Feedback Fusion Drift (F.F.D.)
1. Classification
- Drift Container: Emotional Drift
- Dimension: Emotional Alignment → Feedback
- Scope: Solo → Coupled → Collective
- Type: Drift Pattern
2. Core Definition
Feedback Fusion Drift occurs when multiple independent feedback sources become merged into a single undifferentiated signal, preventing accurate evaluation of each individual feedback stream.
- Feedback sources should remain distinguishable.
- Independent signals enable accurate calibration.
- Drift begins when separate feedback streams lose their individual identity.
The feedback exists.
The sources disappear.
Only one blended signal remains.
3. Structural Mechanism
Feedback Fusion Drift propagates through five invariant stages:
Multiple Feedback Sources
Independent feedback streams emerge from different origins.
Signal Aggregation
The system combines multiple feedback sources into one interpretive stream.
Source Loss
Individual feedback origins become increasingly indistinguishable.
Unified Interpretation
Decisions begin responding to the fused signal instead of separate feedback.
Structural Fusion
Similar situations repeatedly collapse multiple feedback channels into one.
At this stage, feedback quantity increases while feedback precision decreases.
4. Invariants
Feedback Fusion Drift is present only when:
Multiple Sources
More than one feedback stream exists.
Source Blending
Individual feedback signals lose independent identity.
Reduced Differentiation
Feedback origins become difficult to separate.
Unified Response
Decisions respond to the blended feedback rather than individual signals.
Structural Recurrence
Similar situations repeatedly produce feedback fusion.
If feedback sources remain independently distinguishable, the pattern is not Feedback Fusion Drift.
5. Illustrative Examples (Demonstrative Only)
Solo
An individual combines self-criticism, social media opinions, and a mentor’s advice into one emotional judgment.
Coupled
A partner interprets comments from friends, family, and their spouse as one unified emotional message.
Collective
An organization merges customer feedback, employee feedback, and market feedback into one metric, obscuring important differences.
These examples clarify mechanism only.
6. Structural Cost
Source Ambiguity
Feedback origins become increasingly unclear.
Calibration Loss
Individual feedback cannot be evaluated independently.
Decision Distortion
Decisions respond to blended rather than precise information.
Adaptive Weakening
Feedback loses corrective specificity.
Noise Amplification
Contradictory signals become hidden inside the fusion.
Learning Reduction
Accurate adjustment becomes increasingly difficult.
Structural Confusion
More feedback paradoxically produces less clarity.

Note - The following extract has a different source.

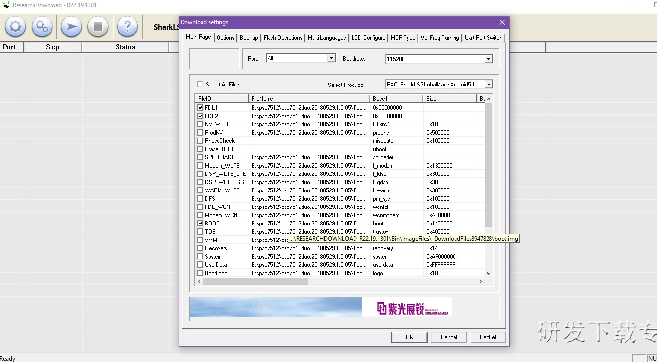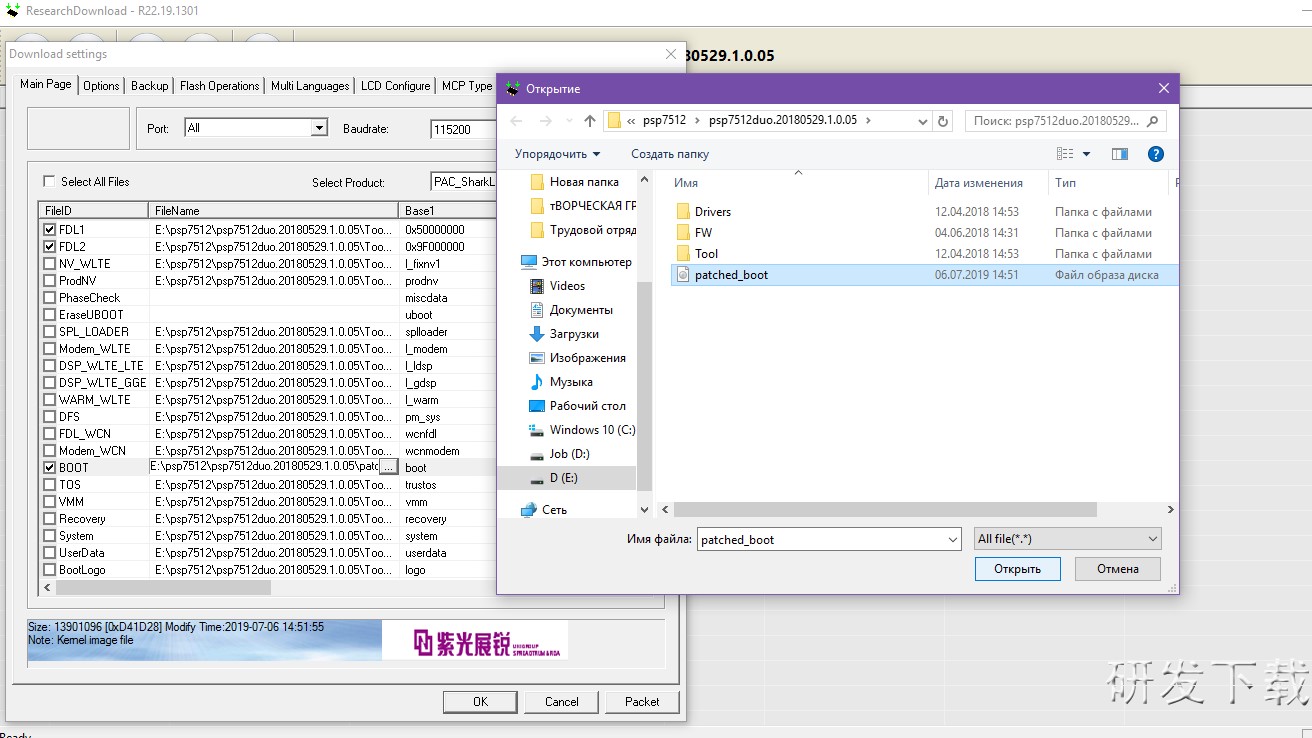 4. Откроется проводник. Выбираешь файл boot.img, который ты скопировал на телефон ранее. Ждёшь пока пропатчится ядро. 5. Готовое пропатченной ядро будет находится по пути /storage/emulated/0/Download/ с именем patched_boot.img. Копируешь его на компьютер. 6. Затем скачиваешь ResearchDownload (прикрепил к посту). Распаковываешь. Запускаешь. 7. Нажимаешь на шестерёнку и выбираешь pac-файл с прошивкой. 8. Затем как прошивка распаковалась - нажимаешь на две шестерёнки.

Over time, the system receives more information while understanding less of it.
7. Drift Boundary
Combining feedback can simplify decision making.
Drift begins when simplification erases meaningful distinctions between feedback sources.
Healthy systems integrate feedback without losing source identity.
8. Canonical Lock
When every voice becomes one voice, none of them can be understood clearly.